TUF GAMING B550-PLUS BIOS 3405 Versione 3405 16.14 MB 2024/01/08
"1.This update includes the patch for the LogoFAIL vulnerabilities 2.Support graphics card with M.2 storage Before running the USB BIOS Flashback tool, please rename the BIOS file (TGB550PS.CAP) using BIOSRenamer."
----
TUF GAMING B550-PLUS BIOS 3607 Versione 3607 16.15 MB 2024/04/03
"Update AGESA version to ComboV2PI 1.2.0.Ca. Fix AMD processor vulnerabilities security. Before running the USB BIOS Flashback tool, please rename the BIOS file (TGB550PS.CAP) using BIOSRenamer."
Edited by white on 2024/6/21 11:54:05 Edited by white on 2024/6/21 11:54:51
Yes, I know. And to move the graphics card upwards and upwards to the board is not a solution. At the end, I'll weld the GPU with the CPU for a little more bandwidth.
Maybe it's a factor due to my age, Probably if I went back a few years I would have no problem finding an ATI to do tests with qemu. At the time, there were many friends who worked in IT. So even just borrowing some ATI graphics cards wouldn't have been a problem.
But things change, that's life.
And only "heaven" knows, the thousands of euros that I have spent and that we have spent together for the treatment of my wife's cancer have unfortunately defeated us.
I'm reminded of the AGA+++ chipset designer who put designs up for sale because he needed them. For the care of his wife. My most sincere respect.
Because you abandon everything without looking back. To keep the hope of finding a cure alive.
Today, after two years and 2 months, the mourning process seems to be over, at least apparently for me.
Even if it's just a simple lie to yourself and finding something to shield your mind. Because it's the only way out of this to lie to yourself.
And I wonder, should man spend all his resources to extend people's lives. And certainly not to shorten it. Medical research is anything related to the betterment of a society should be the priority. Because the question is simple, does human being deserve to survive technological progress? Surely not. Because humanity is not going in this direction. But towards self-destruction. Moving consciences is not at all easy.
One day if I were asked the question who do you want to meet "God" or "Your Wife"
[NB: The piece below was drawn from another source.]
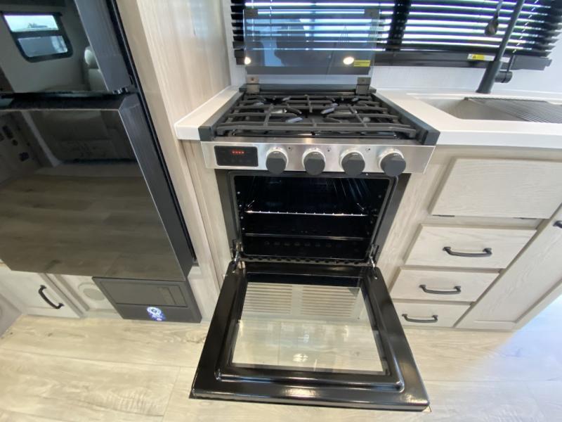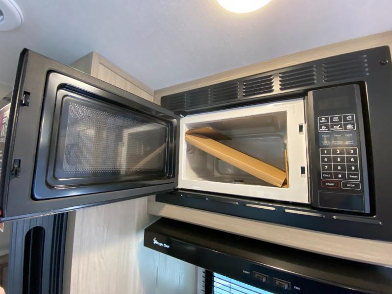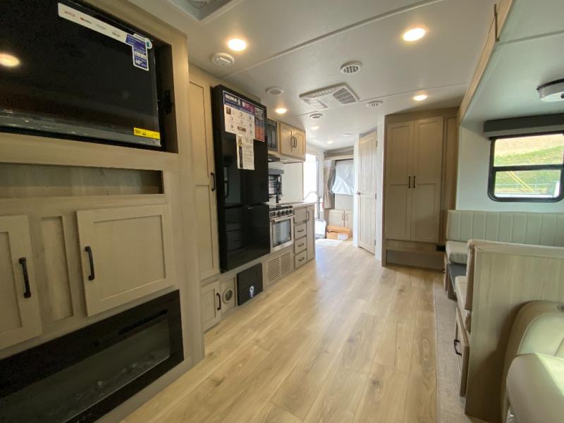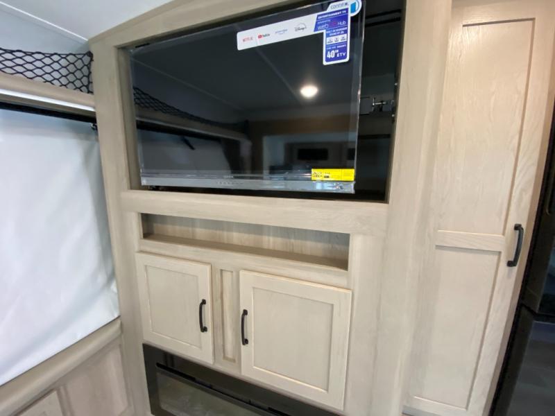 This expandable includes a large slide out that will make you feel right at home, so come take a look! The LED TV and fireplace is right across from the hide-a-bed sofa for easy viewing, and there is a booth dinette to dine together. The chef of the family can cook indoors on the three burner cooktop, or outdoors on the exterior griddle. Tuck your belongings in the overhead shelves, and snacks can go in the pantry. Don't forget about the exterior storage for your larger camp gear!

"My Wife" without hesitation.
Well I felt like writing this and I hope it can be a small message written in a simple way.
Today Elden Ring "Shadow of the Erdtree" arrived and this makes me a little free
Well, I hope we can find a card that can work with qemu. I await good news. And possibly a recommended card to buy that works for most things.
I did not check what these are doing or what makes them slower than expected. That's something for later.
There's also a patch posted on QEMU list to improve AltiVec ops to use 128 bit. This isn't final yet, there will at least be a v2 as there was a review comment. This only improves the last copyFromVRAMAltivec case a bit which is 6.03 sec with this patch (at least for the memory case, maybe it's better with VRAM but don't know how to get a VRAM buffer on Linux). But it seems there's some other issue that makes it slower to fix first and for now not using any optimisation is the best. So I ask again if there's a way to disable CPU specific optimisations in AmigaOS to test that.
So I ask again if there's a way to disable CPU specific optimisations in AmigaOS to test that.
No. Which one of the several different CopyMemQuick(), bcopy(), memcpy(), (Read|Write)PixelArray(), etc., implementations is used (DMA on Sam4x0, X1000, X5000 and A1222, 128 bit vector CPU copy loop on G4, 64 bit double copy loop on everything else) depends on the PVR register contents. The only thing you can do in QEmu to use a different implementation is emulating a G3 750GX or 750FX CPU instead of a G4 74xy CPU.
But even the slowest 64 bit double implementations use DCBA (DCBZ as replacement on CPUs not supporting DCBA) and DCBT, which may make it slower on QEmu than on real hardware.